With just a handful of lawyers and law students, we have already seen anecdotally the difference that even this modest representation can make for low-income tenants.
The costs to the City of enacting a similar, broader program could be reduced through in-kind logistical support from the Judicial Branch, the occasional award of attorney’s fees when tenant’s lawyers identify erroneously filed or meritless cases, and other measures identified in our report.
The budgetary objection obscures the real issue: we can either pay a little to help tenants fight for their rights, or we can force the most vulnerable New Haveners to bear the catastrophic costs of mass displacement on their own. Our City pays either way. This isn’t about what we can afford to do — it’s about what we can’t afford not to.
Second, the City (and the state) should ban tenant blacklisting.
New Haven has broad authority to regulate landlords and to promote fair housing — authority that other cities, like Portland, Oregon and Minneapolis, Minn. have used to address blacklisting.
Those cities have done so because when evictions are wrongfully filed or tenants win their cases, tenant-screening services mark those tenants with a “Scarlet E” that can make it almost impossible for them to find housing in the future.

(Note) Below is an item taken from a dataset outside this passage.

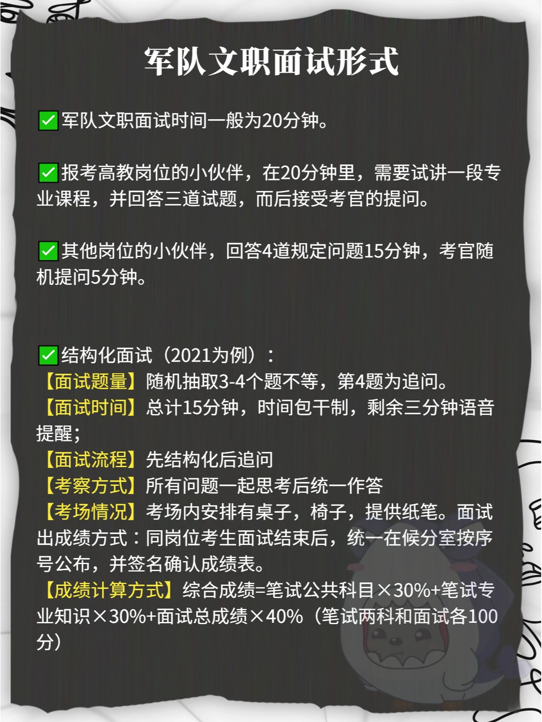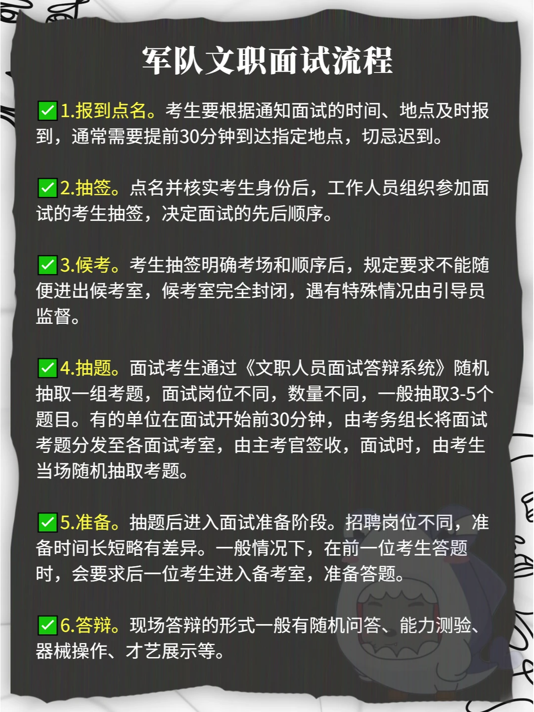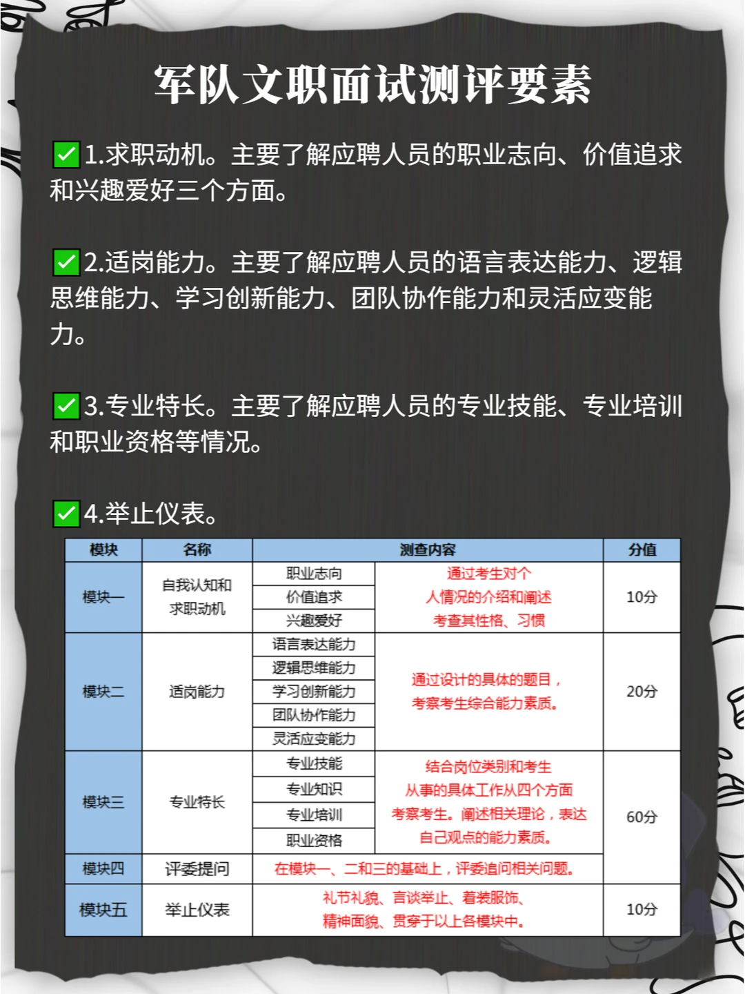 🎈军队文职面试基本上涉及三种形式,即结构化面试、情境模拟、追问。

Landlords routinely deny or upcharge apartment applicants who have been in housing court, regardless of the underlying facts or outcome. This is especially true in New Haven, where our extremely low vacancy rate and the increasing consolidation in the landlord market have slammed the door on many tenants — disproportionately Black women — who have previously been in housing court.
Covid-19 and the government’s response to the pandemic have made blacklisting even more salient. Tenants are about to face a tsunami of eviction actions for nonpayment of rent because they lost their jobs when Connecticut and the City put the economy in deep-freeze.

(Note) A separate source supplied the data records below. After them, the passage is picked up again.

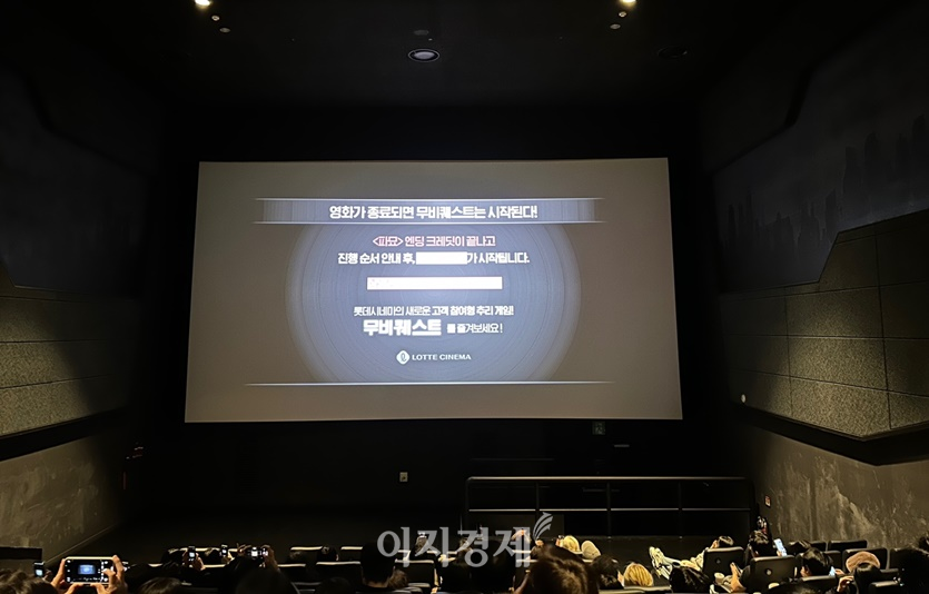 영화가 끝나면 불이 은은하게 켜지면서 “영화가 종료되면 무비퀘스트는 시작된다”는 문구가 화면에 뜬다.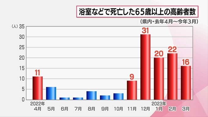 こちらは去年4月から今年3月までの浴室などでの死亡者数を月別で表したグラフ。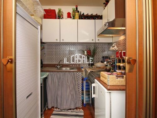 Al piano inferiore ampio salone panoramico, cucinotto, camera, bagno e ripostiglio.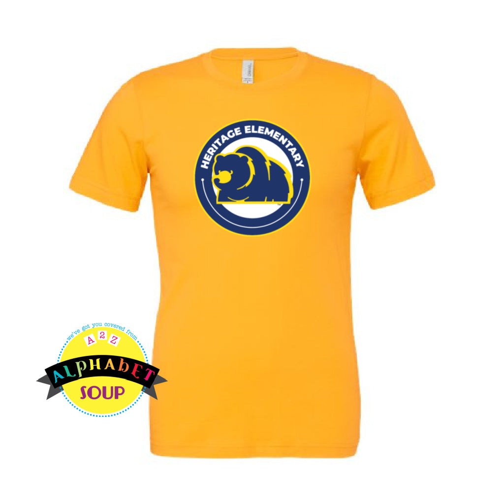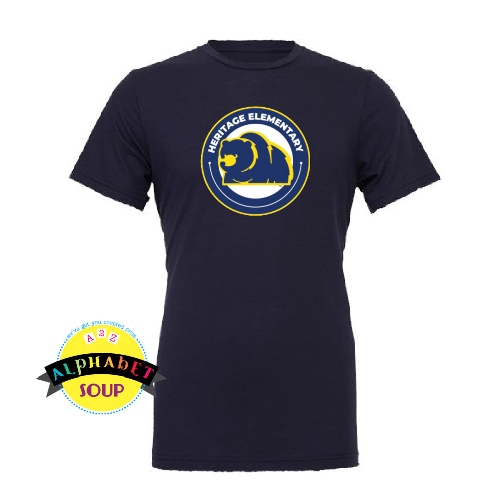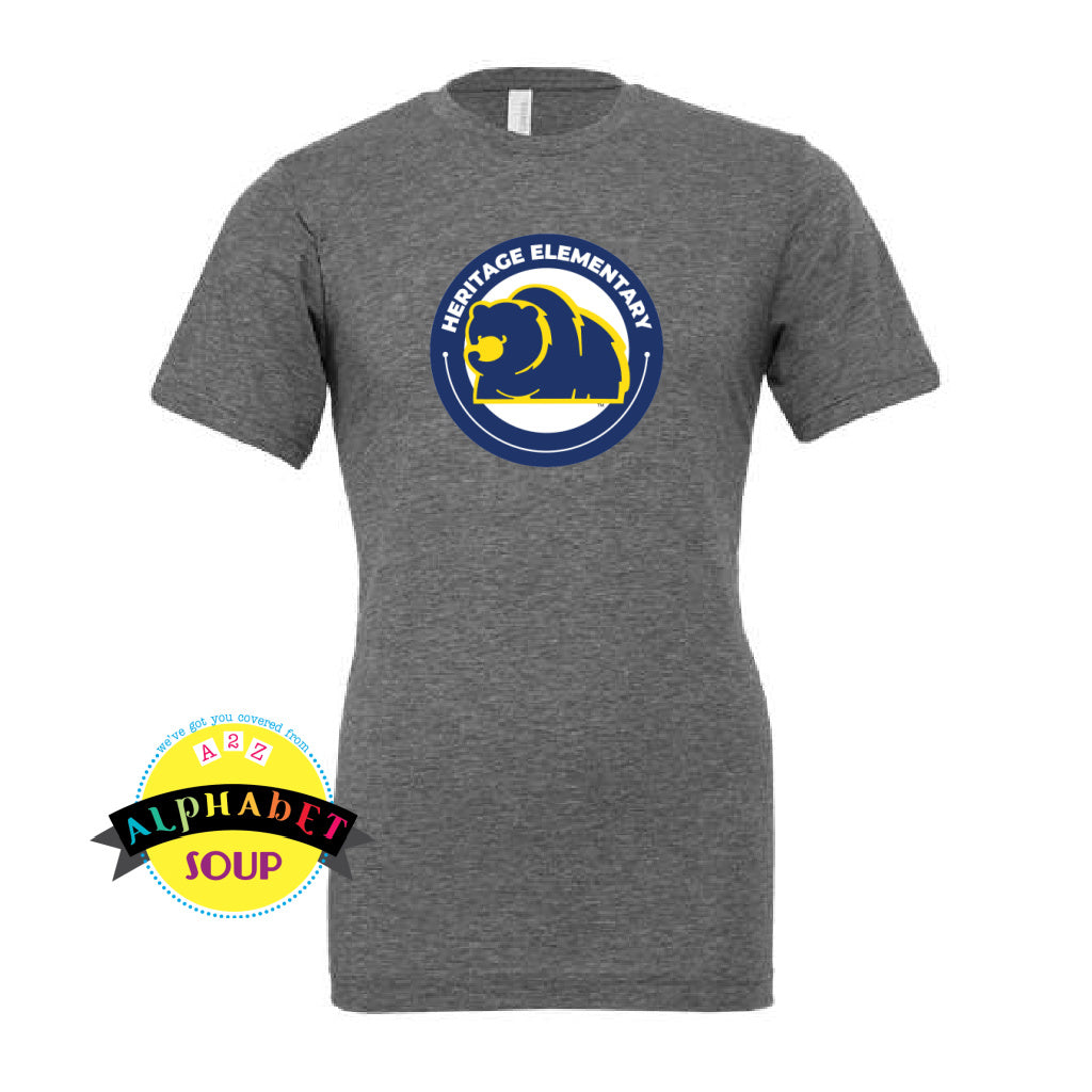 Alphabet Soup Designs has partnered with Heritage Elementary to bring you a selection of personalized School Spirit Wear. The Heritage Elementary Logo design looks amazing on the adult and youth, Bella Canvas Tees and Raglans, District Tanks and Port & Co Sweatshirt styles.

The fact that someone was caught up in a once-in-a-generation economic crisis says nothing about whether they are a “risky” tenant, and it would be deeply unfair for the government to order working people’s workplaces closed and then fail to protect them from the long-term consequences of those orders.
That’s why the City should follow New York’s lead and make it unlawful for a landlord to deny or upcharge an applicant because of their previous involvement in a civil housing case.
One could make the argument that this is all just now-more-than-ever-ism. There’s something to that. These changes were needed six months ago, they’re needed now, and they’ll be needed until they’re enacted.
These changes alone will not be enough. It would be irresponsible to claim that the only thing we need to do to address police violence and the coronavirus is to address housing.
But it would also be irresponsible to pretend they aren’t connected. These crises have opened a window, just like 1918 and 1968. The greater failure, in our view, would be to let this moment pass without addressing our long-running housing injustice epidemic’s role in forcing our society to this breaking point.
This is the first in a series of columns addressing displacement, all based on a report by the Housing and Community and Economic Development Clinics at Yale Law School. Future entries will address the City’s role in preventing foreclosure and addressing the City’s shortage of affordable and market-rate units.
Nathan Leys is a recent graduate of Yale Law School and since 2018 has been the Student Director of the Jerome N. Frank Legal Services Organization’s Housing Clinic — Evictions Track. This op-ed does not necessarily represent the positions of Yale University or Yale Law School.